[Requirement]:
No picture belongs in the copy. Repeat each line below exactly.

++++ Dataset excerpts ++++

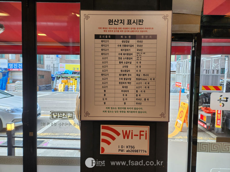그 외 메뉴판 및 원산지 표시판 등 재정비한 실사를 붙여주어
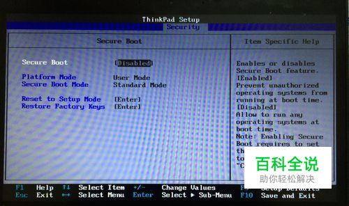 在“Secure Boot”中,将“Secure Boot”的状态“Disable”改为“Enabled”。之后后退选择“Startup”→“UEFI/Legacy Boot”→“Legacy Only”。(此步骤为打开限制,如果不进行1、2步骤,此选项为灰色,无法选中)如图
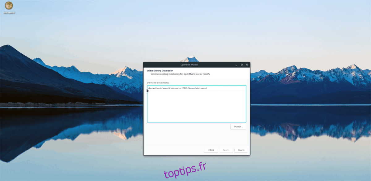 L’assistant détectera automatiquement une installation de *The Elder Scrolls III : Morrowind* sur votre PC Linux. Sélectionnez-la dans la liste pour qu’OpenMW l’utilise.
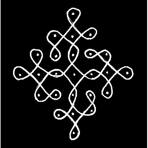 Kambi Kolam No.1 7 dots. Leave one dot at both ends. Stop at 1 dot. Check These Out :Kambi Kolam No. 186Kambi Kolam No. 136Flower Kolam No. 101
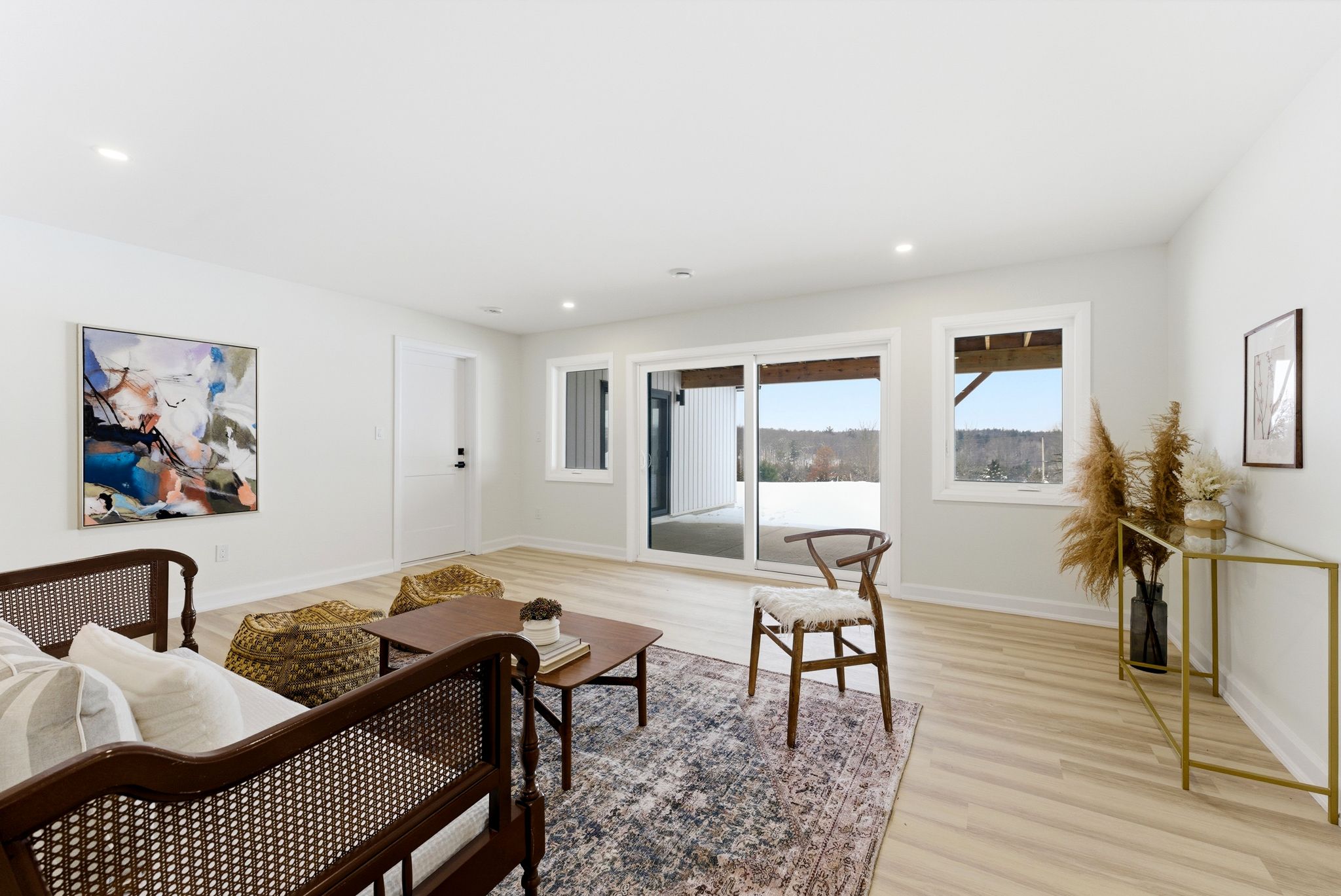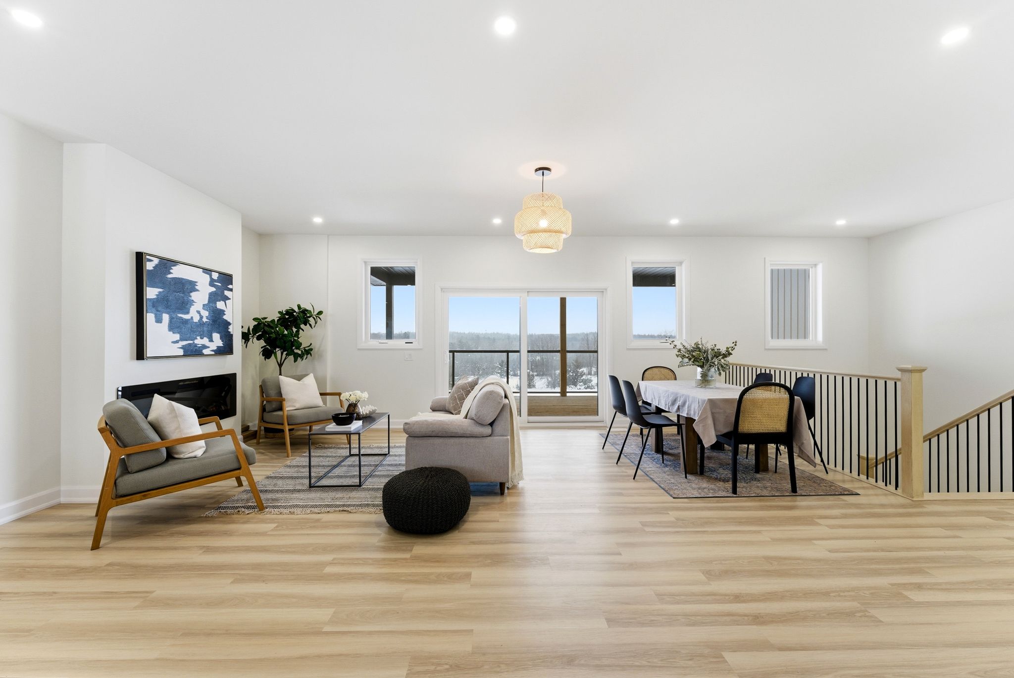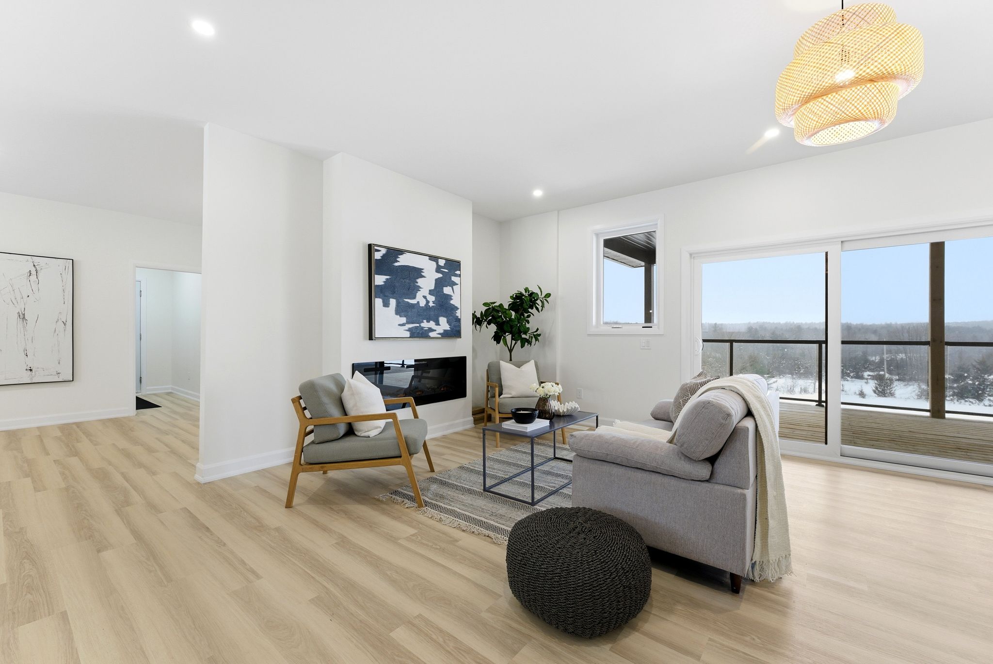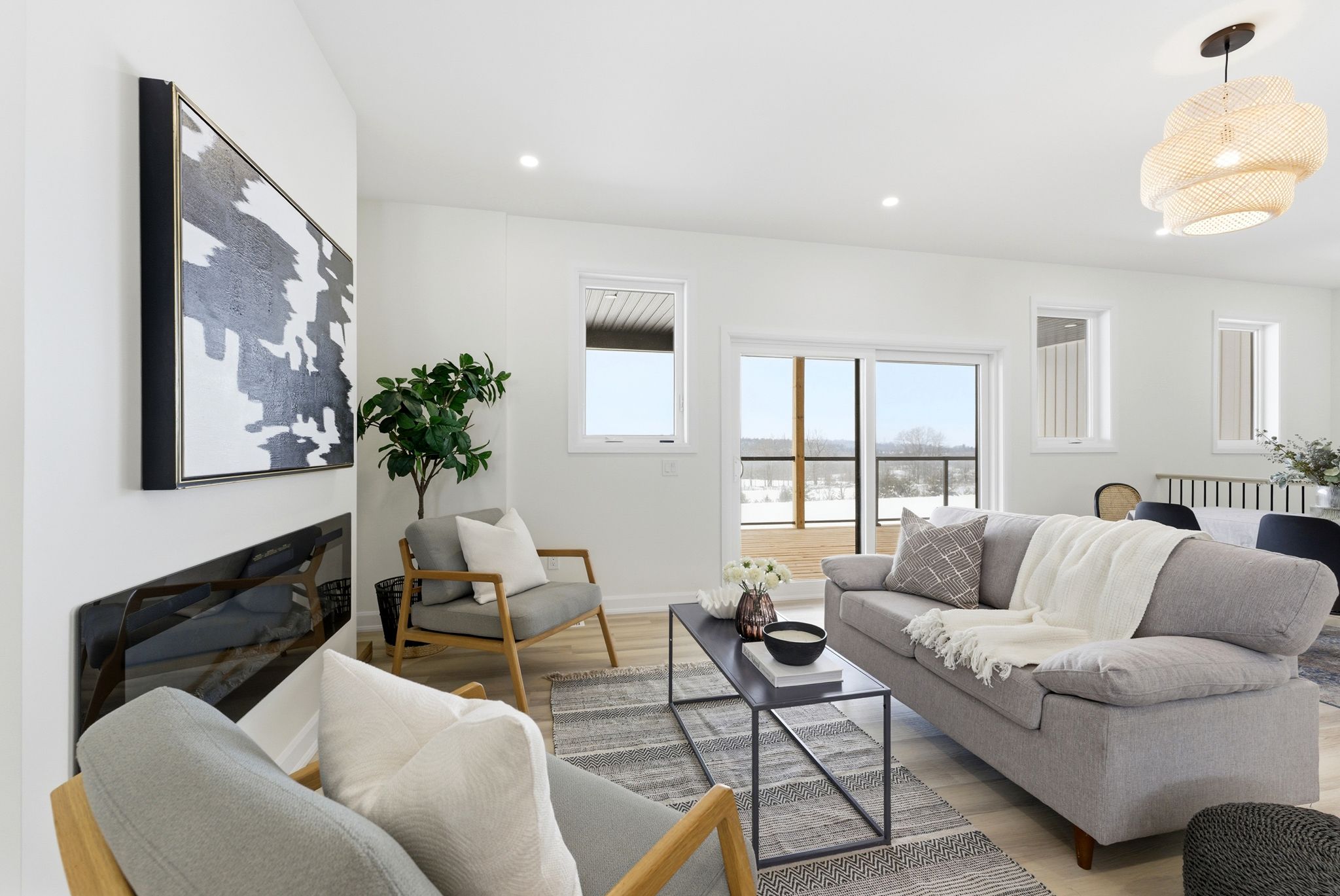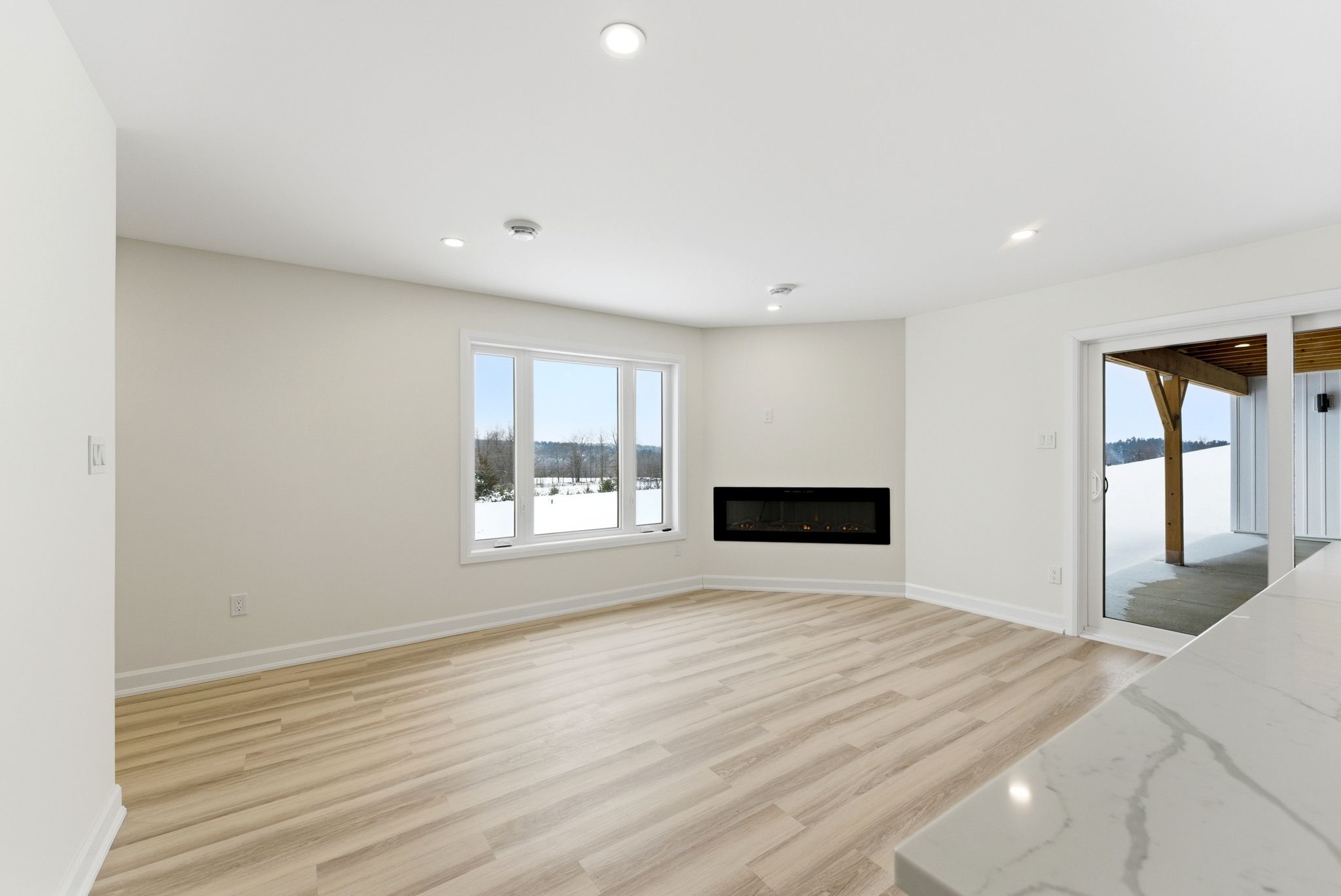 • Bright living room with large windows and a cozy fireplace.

++++

[Result below]:
그 외 메뉴판 및 원산지 표시판 등 재정비한 실사를 붙여주어
 在“Secure Boot”中,将“Secure Boot”的状态“Disable”改为“Enabled”。之后后退选择“Startup”→“UEFI/Legacy Boot”→“Legacy Only”。(此步骤为打开限制,如果不进行1、2步骤,此选项为灰色,无法选中)如图
 L’assistant détectera automatiquement une installation de *The Elder Scrolls III : Morrowind* sur votre PC Linux. Sélectionnez-la dans la liste pour qu’OpenMW l’utilise.
 Kambi Kolam No.1 7 dots. Leave one dot at both ends. Stop at 1 dot. Check These Out :Kambi Kolam No. 186Kambi Kolam No. 136Flower Kolam No. 101
 • Bright living room with large windows and a cozy fireplace.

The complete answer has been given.